Ji Hyun Kim^1,†, Chae Young Yoon^1,†, Yukyung Jun^2,†, Bo Bae Lee¹, Ji Eun Lee¹, So Dam Ha¹, Hyeonju Woo¹, Ahyoung Choi³, Sanghyuk Lee^2,3, Woojin Jeong¹, Ji Hyung Kim⁴ and TaeSoo Kim^1,*

¹Department of Life Science and the Research Center for Cellular Homeostasis, Ewha Womans University, Seoul 03760, Korea,
²Ewha-JAX Cancer Immunotherapy Research Center, Ewha Womans University, Seoul 03760, Korea,
³Department of Bio-Information Science, Ewha Womans University, Seoul, 03760, Korea and
⁴Department of Biotechnology, College of Life Sciences and Biotechnology, Korea University, Seoul 02841, Korea

^*To whom correspondence should be addressed.

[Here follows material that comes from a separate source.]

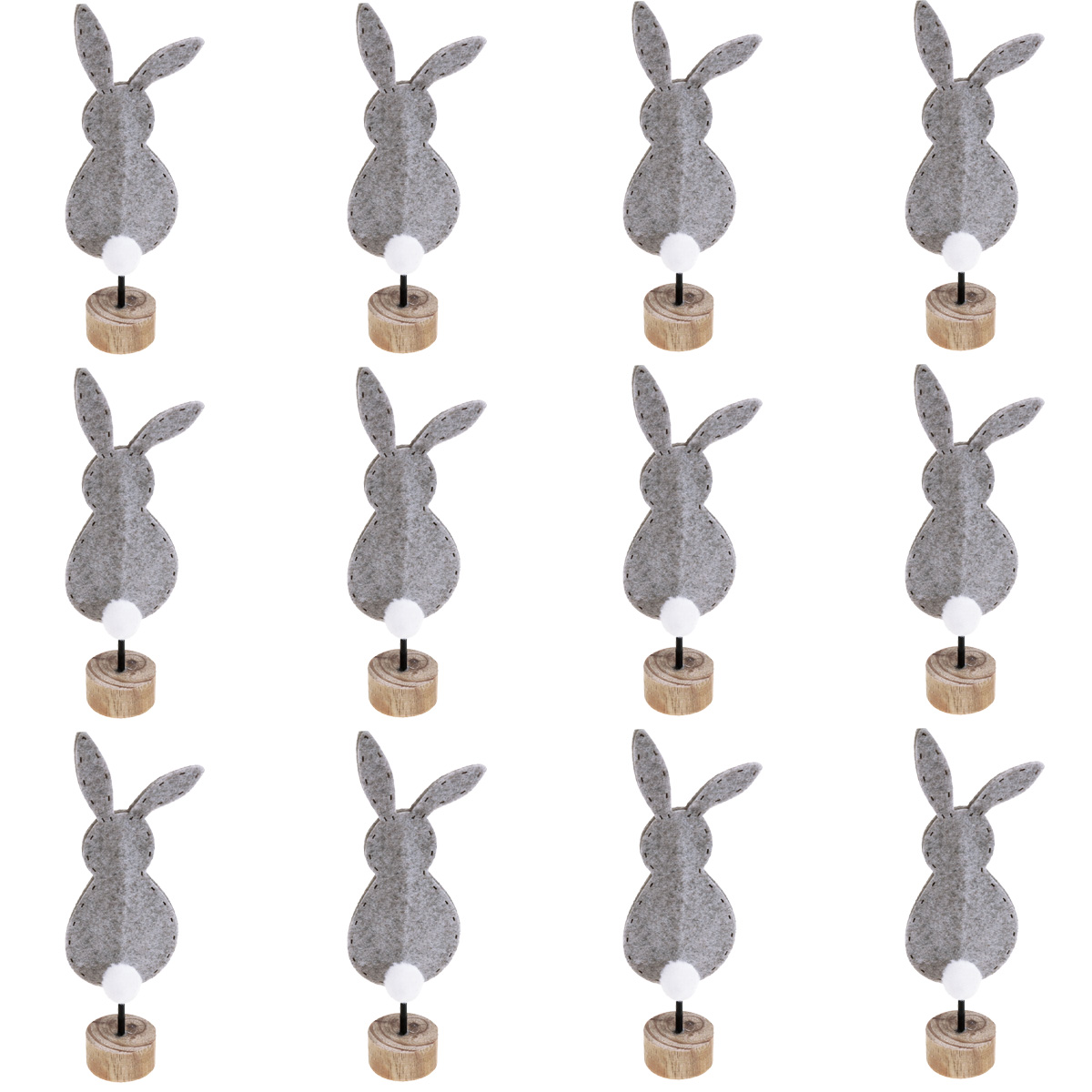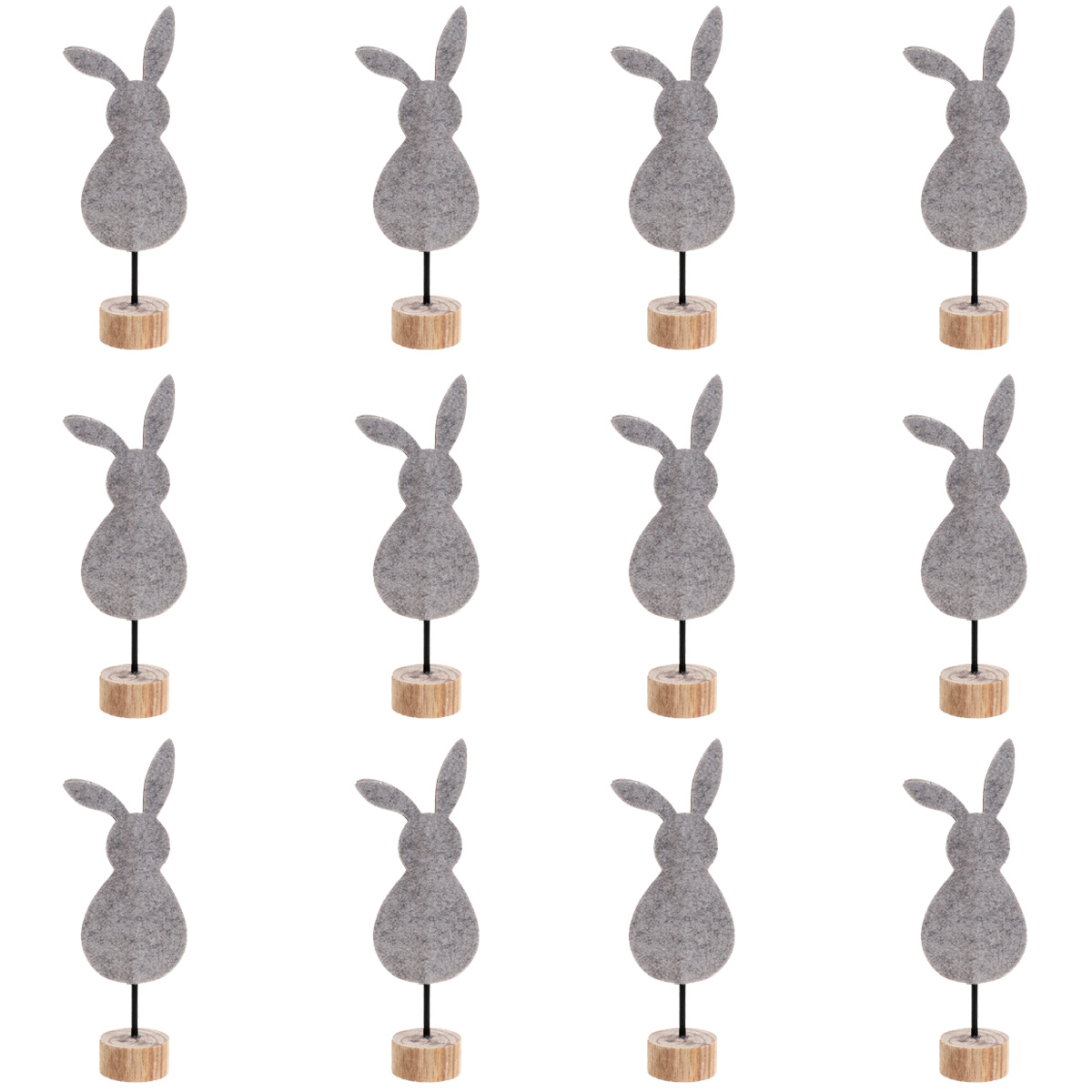 Aufsteller Tischdeko Osterhasen Deko Filz Grau 19cm 12 St

^†The authors wish it to be known that, in their opinion, the first three authors should be regarded as Joint First Authors.

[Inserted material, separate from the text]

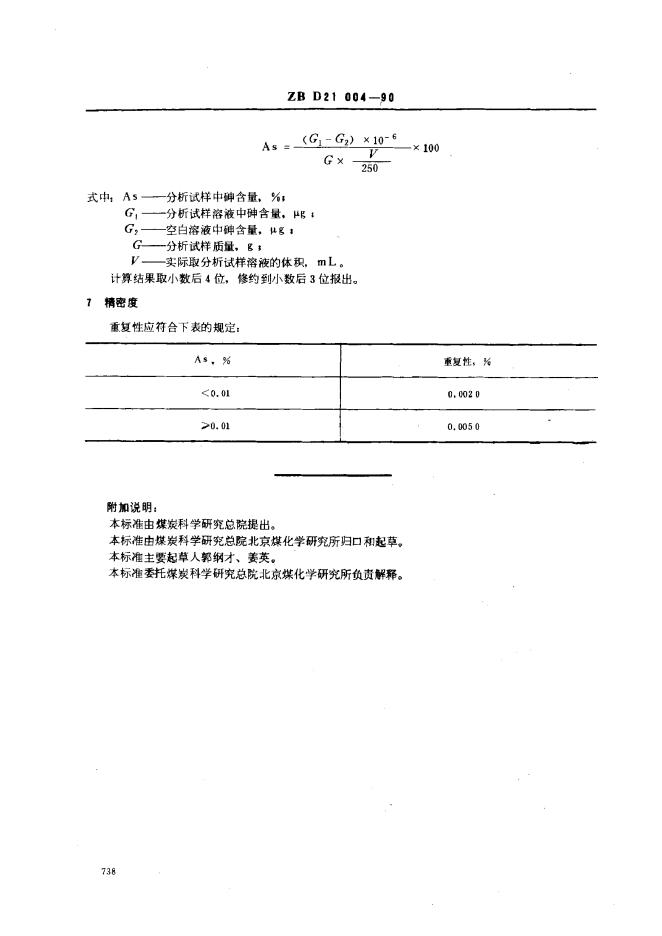 ZB 21004-1990 煤系硫铁矿及硫精矿中砷的测定方法

In yeast, NuA3 histone acetyltransferase (NuA3 HAT) promotes acetylation of histone H3 lysine 14 (H3K14) and transcription of a subset of genes through interaction between the Yng1 plant homeodomain (PHD) finger and H3K4me3. Although NuA3 HAT has multiple chromatin binding modules with distinct specificities, their interdependence and combinatorial actions in chromatin binding and transcription remain unknown. Modified peptide pulldown assays reveal that the Yng1 N-terminal region is important for the integrity of NuA3 HAT by mediating the interaction between core subunits and two methyl-binding proteins, Yng1 and Pdp3. We further uncover that NuA3 HAT contributes to the regulation of mRNA and lncRNA expression dynamics by antagonizing the histone deacetylases (HDACs) Rpd3S and Rpd3L. The Yng1 N-terminal region, the Nto1 PHD finger and Pdp3 are important for optimal induction of mRNA and lncRNA transcription repressed by the Set2-Rpd3S HDAC pathway, whereas the Yng1 PHD finger–H3K4me3 interaction affects transcriptional repression memory regulated by Rpd3L HDAC. These findings suggest that NuA3 HAT uses distinct chromatin readers to compete with two Rpd3-containing HDACs to optimize mRNA and lncRNA expression dynamics.